→ Work instructions
Your task is to copy the lines of the data below from the line holding "w Łodzi, Muzeum" through the line holding "Et møterom i", inclusive, exactly and with nothing added.

Collected data entries
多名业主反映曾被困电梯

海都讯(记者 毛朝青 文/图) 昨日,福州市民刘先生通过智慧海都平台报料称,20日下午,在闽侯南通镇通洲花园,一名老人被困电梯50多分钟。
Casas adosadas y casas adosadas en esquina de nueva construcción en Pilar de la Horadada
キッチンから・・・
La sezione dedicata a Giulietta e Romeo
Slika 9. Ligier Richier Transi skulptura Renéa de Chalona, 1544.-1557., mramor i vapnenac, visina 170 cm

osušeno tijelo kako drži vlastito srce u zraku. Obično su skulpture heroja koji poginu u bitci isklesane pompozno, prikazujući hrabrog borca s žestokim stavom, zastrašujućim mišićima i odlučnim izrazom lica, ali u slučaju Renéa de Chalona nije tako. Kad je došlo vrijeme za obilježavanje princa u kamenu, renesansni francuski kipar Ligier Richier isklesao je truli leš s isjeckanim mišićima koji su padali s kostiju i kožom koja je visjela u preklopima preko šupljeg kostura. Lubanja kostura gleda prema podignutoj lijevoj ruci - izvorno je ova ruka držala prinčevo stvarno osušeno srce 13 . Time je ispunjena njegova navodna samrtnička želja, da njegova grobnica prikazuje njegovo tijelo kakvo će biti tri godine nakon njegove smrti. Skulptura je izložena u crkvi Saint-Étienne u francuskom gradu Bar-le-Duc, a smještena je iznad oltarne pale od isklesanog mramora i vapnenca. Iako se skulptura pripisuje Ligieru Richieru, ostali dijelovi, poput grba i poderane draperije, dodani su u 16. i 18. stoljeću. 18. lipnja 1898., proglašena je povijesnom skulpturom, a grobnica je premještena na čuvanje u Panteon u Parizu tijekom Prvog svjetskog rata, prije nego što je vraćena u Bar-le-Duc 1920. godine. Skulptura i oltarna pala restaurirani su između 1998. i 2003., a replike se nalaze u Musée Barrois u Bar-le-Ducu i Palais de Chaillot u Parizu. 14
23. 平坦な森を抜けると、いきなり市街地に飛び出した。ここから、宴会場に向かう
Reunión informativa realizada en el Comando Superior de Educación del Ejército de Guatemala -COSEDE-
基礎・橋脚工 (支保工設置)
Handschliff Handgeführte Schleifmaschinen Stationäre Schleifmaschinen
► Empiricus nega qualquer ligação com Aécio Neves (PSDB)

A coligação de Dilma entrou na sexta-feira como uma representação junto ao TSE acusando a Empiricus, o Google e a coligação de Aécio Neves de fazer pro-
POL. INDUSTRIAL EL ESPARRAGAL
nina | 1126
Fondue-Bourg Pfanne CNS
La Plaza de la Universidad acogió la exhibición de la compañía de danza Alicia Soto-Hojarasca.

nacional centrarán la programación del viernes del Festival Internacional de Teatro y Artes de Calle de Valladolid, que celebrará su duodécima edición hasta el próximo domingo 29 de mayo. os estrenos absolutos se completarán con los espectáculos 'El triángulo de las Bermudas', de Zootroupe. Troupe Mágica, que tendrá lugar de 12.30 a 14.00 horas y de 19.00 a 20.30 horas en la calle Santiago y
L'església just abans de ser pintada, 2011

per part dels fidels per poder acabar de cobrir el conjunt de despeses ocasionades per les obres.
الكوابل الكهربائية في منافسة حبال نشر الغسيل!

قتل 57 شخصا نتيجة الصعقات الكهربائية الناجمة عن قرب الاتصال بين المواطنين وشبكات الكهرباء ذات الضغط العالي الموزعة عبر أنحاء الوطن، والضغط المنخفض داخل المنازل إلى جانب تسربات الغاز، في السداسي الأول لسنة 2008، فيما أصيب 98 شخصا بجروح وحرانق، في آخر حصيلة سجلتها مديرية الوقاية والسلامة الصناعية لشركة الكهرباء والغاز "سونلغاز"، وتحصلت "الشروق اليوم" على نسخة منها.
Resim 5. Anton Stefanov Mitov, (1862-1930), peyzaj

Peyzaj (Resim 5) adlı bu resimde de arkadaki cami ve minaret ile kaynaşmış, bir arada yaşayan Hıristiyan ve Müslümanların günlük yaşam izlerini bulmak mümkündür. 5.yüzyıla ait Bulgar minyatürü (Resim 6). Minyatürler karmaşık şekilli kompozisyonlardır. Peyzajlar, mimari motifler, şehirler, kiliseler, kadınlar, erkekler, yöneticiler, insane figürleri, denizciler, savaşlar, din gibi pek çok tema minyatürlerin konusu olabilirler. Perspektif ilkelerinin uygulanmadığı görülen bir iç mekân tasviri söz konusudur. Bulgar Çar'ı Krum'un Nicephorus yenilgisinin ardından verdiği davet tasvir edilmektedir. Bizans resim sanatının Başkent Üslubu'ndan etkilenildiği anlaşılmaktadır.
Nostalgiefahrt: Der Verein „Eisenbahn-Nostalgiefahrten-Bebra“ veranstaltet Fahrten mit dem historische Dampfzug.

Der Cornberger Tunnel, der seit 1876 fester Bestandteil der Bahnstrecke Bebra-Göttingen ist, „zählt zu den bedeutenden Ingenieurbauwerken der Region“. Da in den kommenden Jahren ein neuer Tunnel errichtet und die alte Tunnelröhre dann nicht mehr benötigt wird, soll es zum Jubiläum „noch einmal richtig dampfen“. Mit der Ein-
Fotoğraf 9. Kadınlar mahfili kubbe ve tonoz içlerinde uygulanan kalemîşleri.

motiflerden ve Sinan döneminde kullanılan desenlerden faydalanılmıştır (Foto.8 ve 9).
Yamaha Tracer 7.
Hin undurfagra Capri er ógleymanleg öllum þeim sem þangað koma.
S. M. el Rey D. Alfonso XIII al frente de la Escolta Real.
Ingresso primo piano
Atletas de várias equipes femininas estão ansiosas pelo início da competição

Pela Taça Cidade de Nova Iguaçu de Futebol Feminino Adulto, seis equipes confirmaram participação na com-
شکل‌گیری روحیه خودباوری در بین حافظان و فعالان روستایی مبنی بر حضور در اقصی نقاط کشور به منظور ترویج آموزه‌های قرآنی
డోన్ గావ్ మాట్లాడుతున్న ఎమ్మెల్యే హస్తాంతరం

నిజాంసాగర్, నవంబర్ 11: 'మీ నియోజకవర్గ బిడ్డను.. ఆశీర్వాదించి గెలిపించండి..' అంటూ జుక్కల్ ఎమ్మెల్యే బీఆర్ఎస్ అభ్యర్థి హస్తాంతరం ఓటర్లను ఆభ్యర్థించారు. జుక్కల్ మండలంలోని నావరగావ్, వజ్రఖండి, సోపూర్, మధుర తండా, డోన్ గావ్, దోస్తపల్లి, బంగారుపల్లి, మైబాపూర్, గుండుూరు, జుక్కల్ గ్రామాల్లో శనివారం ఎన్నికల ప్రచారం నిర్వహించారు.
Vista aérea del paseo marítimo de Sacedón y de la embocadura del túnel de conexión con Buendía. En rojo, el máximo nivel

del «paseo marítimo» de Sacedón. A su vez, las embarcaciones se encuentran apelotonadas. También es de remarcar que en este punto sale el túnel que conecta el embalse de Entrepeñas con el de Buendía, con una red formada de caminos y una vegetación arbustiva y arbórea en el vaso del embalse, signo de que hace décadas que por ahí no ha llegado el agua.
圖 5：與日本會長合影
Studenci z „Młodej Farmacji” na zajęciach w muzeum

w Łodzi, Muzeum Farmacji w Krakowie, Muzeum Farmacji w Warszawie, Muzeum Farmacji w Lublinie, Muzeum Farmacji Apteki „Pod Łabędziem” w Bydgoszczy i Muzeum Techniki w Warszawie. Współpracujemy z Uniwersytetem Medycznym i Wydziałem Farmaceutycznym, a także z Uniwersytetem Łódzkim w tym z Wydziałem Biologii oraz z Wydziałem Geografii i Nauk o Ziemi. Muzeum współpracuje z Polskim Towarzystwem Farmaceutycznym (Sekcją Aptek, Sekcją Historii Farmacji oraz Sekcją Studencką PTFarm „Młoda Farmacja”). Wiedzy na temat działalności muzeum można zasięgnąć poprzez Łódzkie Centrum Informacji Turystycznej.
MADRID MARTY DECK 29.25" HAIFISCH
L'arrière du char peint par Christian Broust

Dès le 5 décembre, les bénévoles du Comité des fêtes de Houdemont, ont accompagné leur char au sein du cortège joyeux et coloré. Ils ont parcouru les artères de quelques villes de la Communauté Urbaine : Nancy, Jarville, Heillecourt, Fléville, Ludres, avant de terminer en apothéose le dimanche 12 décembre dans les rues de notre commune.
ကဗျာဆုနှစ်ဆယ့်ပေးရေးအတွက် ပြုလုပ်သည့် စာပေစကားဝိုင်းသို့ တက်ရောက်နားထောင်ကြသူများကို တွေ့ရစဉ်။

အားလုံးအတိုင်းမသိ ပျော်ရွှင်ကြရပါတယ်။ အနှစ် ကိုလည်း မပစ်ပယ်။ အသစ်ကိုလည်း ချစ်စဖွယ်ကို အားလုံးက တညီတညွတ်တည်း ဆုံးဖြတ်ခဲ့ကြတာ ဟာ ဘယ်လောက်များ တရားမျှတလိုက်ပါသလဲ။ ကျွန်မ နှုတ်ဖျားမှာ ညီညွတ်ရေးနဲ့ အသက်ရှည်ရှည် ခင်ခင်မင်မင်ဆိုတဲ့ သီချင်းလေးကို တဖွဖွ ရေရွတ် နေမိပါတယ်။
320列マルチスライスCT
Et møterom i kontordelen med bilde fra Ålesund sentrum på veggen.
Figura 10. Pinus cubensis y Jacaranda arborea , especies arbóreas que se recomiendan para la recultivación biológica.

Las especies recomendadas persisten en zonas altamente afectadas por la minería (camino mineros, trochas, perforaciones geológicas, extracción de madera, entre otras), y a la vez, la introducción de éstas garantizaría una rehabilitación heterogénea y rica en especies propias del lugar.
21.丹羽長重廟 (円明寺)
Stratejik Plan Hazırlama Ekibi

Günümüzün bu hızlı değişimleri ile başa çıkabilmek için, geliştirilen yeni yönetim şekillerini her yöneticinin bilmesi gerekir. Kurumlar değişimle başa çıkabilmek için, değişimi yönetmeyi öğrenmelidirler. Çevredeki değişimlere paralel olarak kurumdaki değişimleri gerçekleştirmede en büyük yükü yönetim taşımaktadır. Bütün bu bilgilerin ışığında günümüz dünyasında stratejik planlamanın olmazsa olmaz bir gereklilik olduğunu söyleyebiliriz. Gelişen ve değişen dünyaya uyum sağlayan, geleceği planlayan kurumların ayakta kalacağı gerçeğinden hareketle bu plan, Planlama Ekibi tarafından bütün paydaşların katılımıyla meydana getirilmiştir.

→ Result of this task
w Łodzi, Muzeum Farmacji w Krakowie, Muzeum Farmacji w Warszawie, Muzeum Farmacji w Lublinie, Muzeum Farmacji Apteki „Pod Łabędziem” w Bydgoszczy i Muzeum Techniki w Warszawie. Współpracujemy z Uniwersytetem Medycznym i Wydziałem Farmaceutycznym, a także z Uniwersytetem Łódzkim w tym z Wydziałem Biologii oraz z Wydziałem Geografii i Nauk o Ziemi. Muzeum współpracuje z Polskim Towarzystwem Farmaceutycznym (Sekcją Aptek, Sekcją Historii Farmacji oraz Sekcją Studencką PTFarm „Młoda Farmacja”). Wiedzy na temat działalności muzeum można zasięgnąć poprzez Łódzkie Centrum Informacji Turystycznej.
MADRID MARTY DECK 29.25" HAIFISCH
L'arrière du char peint par Christian Broust

Dès le 5 décembre, les bénévoles du Comité des fêtes de Houdemont, ont accompagné leur char au sein du cortège joyeux et coloré. Ils ont parcouru les artères de quelques villes de la Communauté Urbaine : Nancy, Jarville, Heillecourt, Fléville, Ludres, avant de terminer en apothéose le dimanche 12 décembre dans les rues de notre commune.
ကဗျာဆုနှစ်ဆယ့်ပေးရေးအတွက် ပြုလုပ်သည့် စာပေစကားဝိုင်းသို့ တက်ရောက်နားထောင်ကြသူများကို တွေ့ရစဉ်။

အားလုံးအတိုင်းမသိ ပျော်ရွှင်ကြရပါတယ်။ အနှစ် ကိုလည်း မပစ်ပယ်။ အသစ်ကိုလည်း ချစ်စဖွယ်ကို အားလုံးက တညီတညွတ်တည်း ဆုံးဖြတ်ခဲ့ကြတာ ဟာ ဘယ်လောက်များ တရားမျှတလိုက်ပါသလဲ။ ကျွန်မ နှုတ်ဖျားမှာ ညီညွတ်ရေးနဲ့ အသက်ရှည်ရှည် ခင်ခင်မင်မင်ဆိုတဲ့ သီချင်းလေးကို တဖွဖွ ရေရွတ် နေမိပါတယ်။
320列マルチスライスCT
Et møterom i kontordelen med bilde fra Ålesund sentrum på veggen.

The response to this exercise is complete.